I am baffled by something of a statistical nature and so would aprreciate help from mazza or any other stats guru, thanks
suppose I have 2000 lines of data in excel, each line being the daily return/change for some security. I want to put a figure on the volatility based on daily returns over this whole period. I have done that a couple of differnt ways and I am baffled by why i am getting different results
one easy method is to take the SD for the whole sample (or should that be population) using STDEV.P or STDEV.S of lines 1 to 2000, and convert that to HV. simple enough.
another possible method is to break it into 20 day lots, work out HV20 for each 20 day period, and then average the HV of those 100 periods. This gives 'the average HV20 over the last 2000 days'. This always gives a lower figure than method one.
as an experiment i tried a middle way, breaking it into 4 differnt 500 line lots, taking the 4 resulting HV of each and averaging them. this results in a figure somewhere between the other two.
the differences are significant enough to matter eg one security gives HV of 21.3%/19.8%/17.9% for methods 1/3/2
a currency pair gives 13.07%/12.1%/10.56%
for the life of me I cannot see why this should be so, since they are measuring the distribution of exactly the same daily returns.

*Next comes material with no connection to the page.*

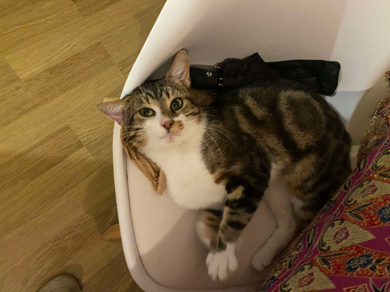 Je n’ai pas eu peur des chiens que j’ai pu croiser, et suis ok avec les enfants, ne sortant pas une griffe même en jouant.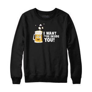 Introducing our hilarious "I Want to be Inside You" beer sweatshirt! This tongue-in-cheek garment is perfect for beer enthusiasts with a great sense of humor. Crafted with utmost comfort in mind, this sweatshirt features a soft and cozy blend of materials that will keep you warm during chilly nights at the pub or relaxed evenings at home. The bold and witty statement on the front will undoubtedly make heads turn and elicit laughter wherever you go. Whether you're a beer connoisseur or simply appreciate a good laugh, this sweatshirt is a must-have addition to your wardrobe. Embrace the fun and quirkiness, and let your beer-loving spirit shine with this cheeky sweatshirt! Cheers!

I have eliminated as a cause the following;
- it isnt that shorter samples cause the average to vary from zero more in a strong trend, meaning each deviation is on average less; this does happen but eliminating it didnt make much difference
- it isnt an issue with using population or sample stdev; again it doesnt make much difference which one is used over 2000 lines and for the shorter timeframes i am using sample anyway
- i thought it might be the outlier days having a bigger effect on the whole sample v being lost in a couple out of 100 smaller samples, but eliminating the outlier days made no difference
- using log returns or straight returns does not make the differnce
Now if I try the same experiment using random numbers in place of daily returns, the observed effect does not happen; all methods give pretty much the same answer, which is what i expected to happen with stocks but it didnt. I therefore suspect it must be something to do with the normalish distribution characterising security returns, but i cant figure out exactly what.
Hoping someone can shed any light on this for me, thanks